Переломанная мебель, почти вся позолоченная, была выброшена из ратуши на площадь, где ее свалили грудой и зажгли костер, пламя которого вздымалось так высоко, что языки его доставали до статуи Карла IV. На ступеньках пьедестала лежал труп с широко раскинутыми руками и прикрытым сомбреро лицом – возможно, оказанная каким-либо приятелем последняя услуга. Отблески огня плясали на листве ближайших к площади деревьев, посаженных вдоль Аламеды, и освещали угловые дома переулка, вход в который был загорожен кучей сваленных вперемешку повозок и воловьих туш. На одной из этих туш сидела Какая-то темная личность, закутанная с головой, и курила сигарету. Перемирие, как видишь. Кроме нас двоих и этого бродяжки, единственным живым существом на всей площади был каргадор, который ходил взад и вперед перед фасадом заведения Ансани с длинным ножом, охраняя сон своих друзей. И во всем городе светились, кроме костра, лишь окна клуба на углу улицы Конституции».

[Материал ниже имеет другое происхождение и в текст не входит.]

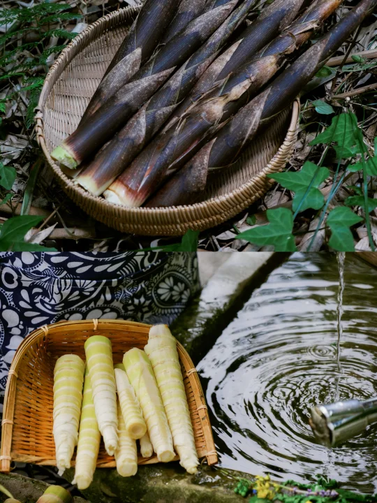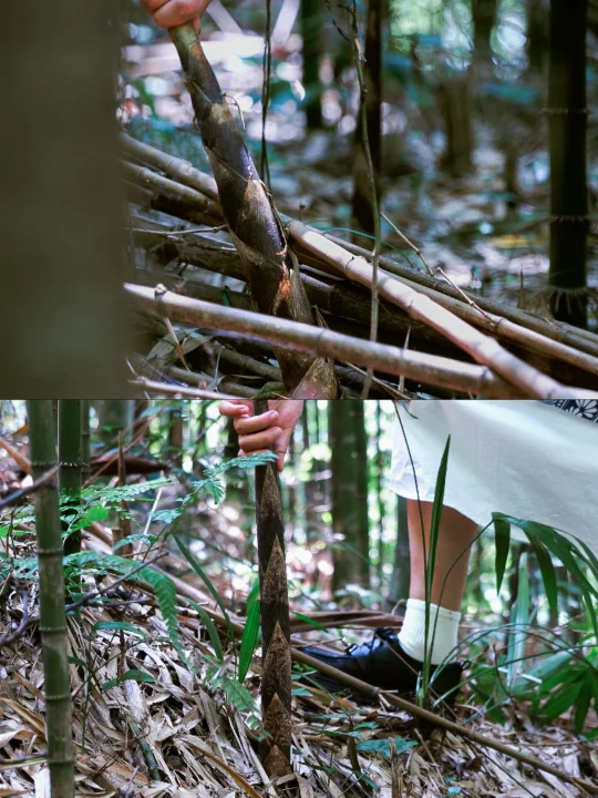 ⏰10:30跟着管家进后山竹林🎋 学习辨认野竹笋+采摘技巧 亲手掰下的笋子能带回厨房加工 立刻就能吃到自己摘的鲜笋炒肉!

Дописав до этого слова, дон Мартин Декуд, южноамериканский денди с парижских бульваров, встал и прошелся по усыпанному песком полу обеденного зала, находившегося в одном из двух крыльев гостиницы «Объединенная Италия», принадлежавшей Джорджо Виоле, старому сподвижнику Гарибальди. Ярко раскрашенная литография Верного Сына Свободы показалась тусклой при свете одинокой свечи человеку, не знавшему верности, если не считать той верности, с какой он следовал велению собственных чувств. Он посмотрел в окно и обнаружил, что дом окружен непроницаемой тьмой, сквозь которую нельзя разглядеть ни гор, ни улиц, ни даже тех строений, что стояли возле гавани совсем близко, и ни единого звука не слышно, словно глубокое безмолвие Гольфо Пласидо объяло и воды, и землю, сделав ее не только слепой, но и немой.
Немного погодя Декуд почувствовал, как под ногами у него подрагивает пол, и услышал вдали лязганье железа. Где-то далеко, в глубинах мрака, возник яркий белый свет, он с грохотом близился и разрастался. Подвижной состав, который обычно стоял на запасных путях в Ринконе, сейчас для безопасности перегоняли на товарную станцию. Мелькнул фонарь локомотива, а следом некое таинственное колыханье тьмы – это поезд с глухим ревом пронесся вихрем у самой гостиницы, и весь дом задрожал. И снова ничего не разглядеть, только на краю последней платформы обнаженный до пояса негр в белых штанах безостановочно размахивал горящим факелом. Декуд стоял не шевелясь.
На спинке стула, с которого он только что встал, висело его элегантное парижское пальто на шелковой жемчужно-серой подкладке. Но когда он повернулся, чтобы снова подойти к столу, свеча осветила его лицо, грязное и исцарапанное. Розовые губы запеклись от жары, почернели от порохового дыма. И холеная бородка потускнела от ржавчины и пыли. Воротничок и манжеты измялись; синий шелковый галстук болтался, как тряпка; на лбу темнело жирное пятно. Он не раздевался и ни разу не приблизился к воде – если не считать того, что изредка, торопливо и жадно, отхлебывал глоток – около сорока часов. Мучительная одержимость отчаянной борьбы завладела им полностью, запечатлела на нем свои приметы, и глаза его блестели сухим, бессонным блеском. Он хрипло пробормотал: «Интересно, найдется здесь хлеб?» – обвел комнату рассеянным взглядом, затем опустился на стул и снова взялся за карандаш. Только сейчас он вспомнил, что не ел уже много часов.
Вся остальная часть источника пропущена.